[Stored entries]
┌──

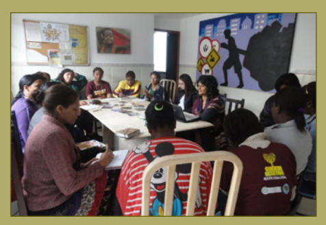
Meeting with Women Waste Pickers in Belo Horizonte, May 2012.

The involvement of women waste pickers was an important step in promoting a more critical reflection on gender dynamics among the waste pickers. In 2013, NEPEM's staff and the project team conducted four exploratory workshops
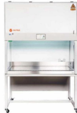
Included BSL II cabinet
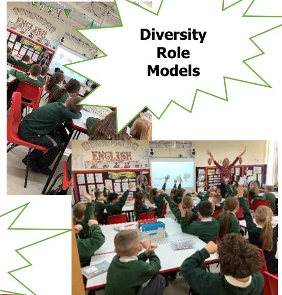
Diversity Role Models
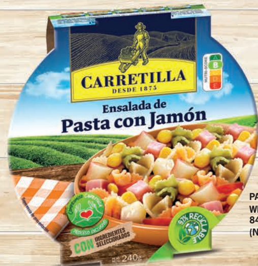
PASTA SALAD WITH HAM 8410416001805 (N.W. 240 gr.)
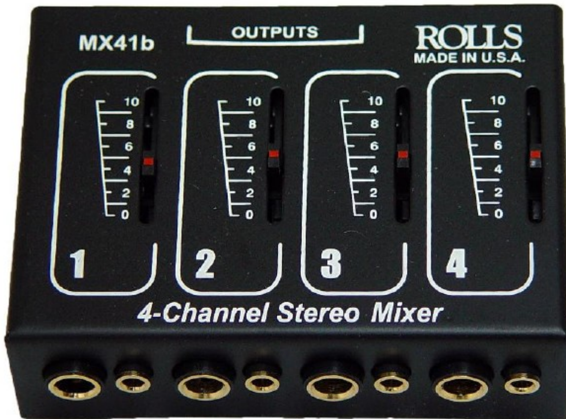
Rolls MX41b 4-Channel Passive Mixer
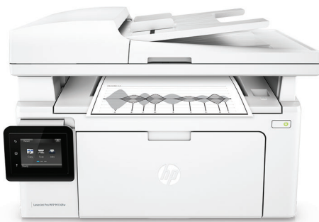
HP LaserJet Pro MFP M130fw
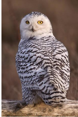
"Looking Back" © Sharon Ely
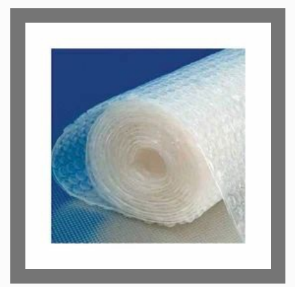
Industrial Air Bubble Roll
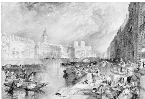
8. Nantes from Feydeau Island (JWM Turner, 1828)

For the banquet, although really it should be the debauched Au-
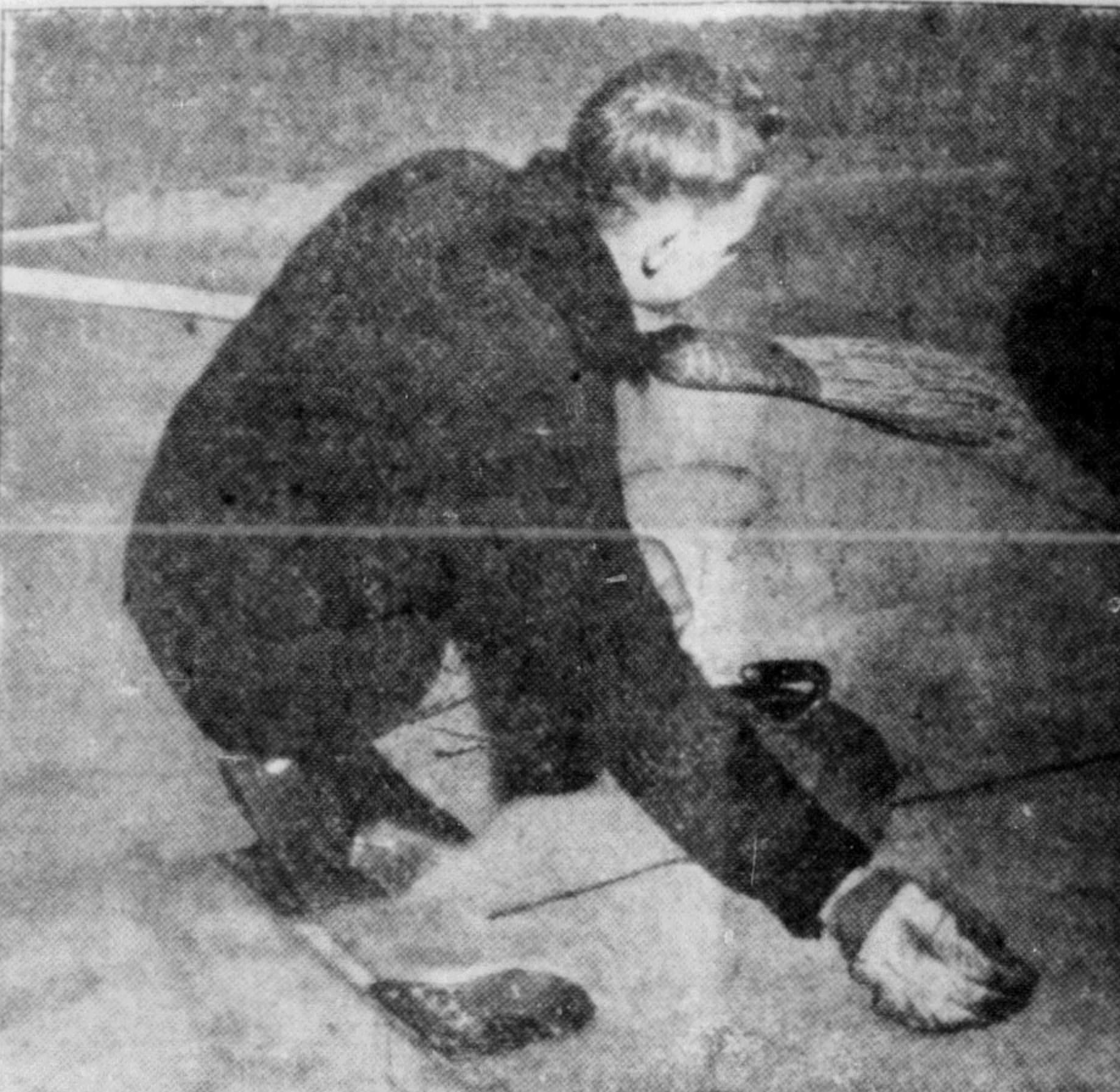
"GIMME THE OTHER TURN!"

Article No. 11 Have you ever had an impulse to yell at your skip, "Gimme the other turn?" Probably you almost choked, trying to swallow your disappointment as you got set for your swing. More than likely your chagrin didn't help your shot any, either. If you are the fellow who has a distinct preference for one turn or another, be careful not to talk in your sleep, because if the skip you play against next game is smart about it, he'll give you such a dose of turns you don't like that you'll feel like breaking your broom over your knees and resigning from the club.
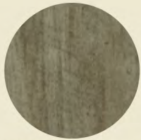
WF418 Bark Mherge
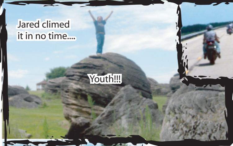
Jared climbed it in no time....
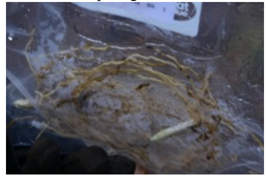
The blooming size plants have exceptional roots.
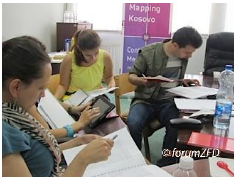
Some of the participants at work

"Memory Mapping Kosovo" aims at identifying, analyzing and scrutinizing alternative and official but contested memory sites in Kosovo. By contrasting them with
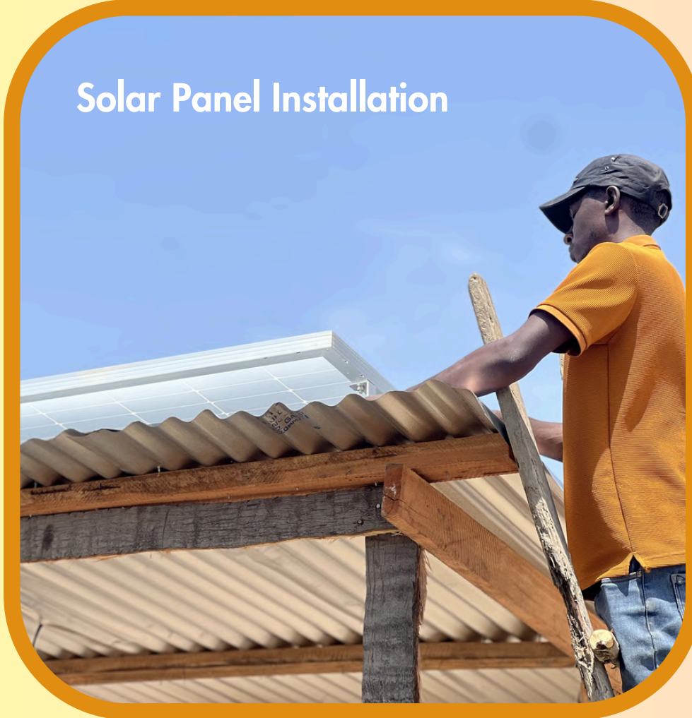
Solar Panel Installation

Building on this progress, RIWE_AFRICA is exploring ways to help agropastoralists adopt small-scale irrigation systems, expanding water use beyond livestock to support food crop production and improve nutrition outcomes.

└──

▶ [DESCRIPTION OF THE TASK] Tell how many lines in the entries contain the string "help". Give the number and nothing more.

▶ [RESPONSE BOX] 2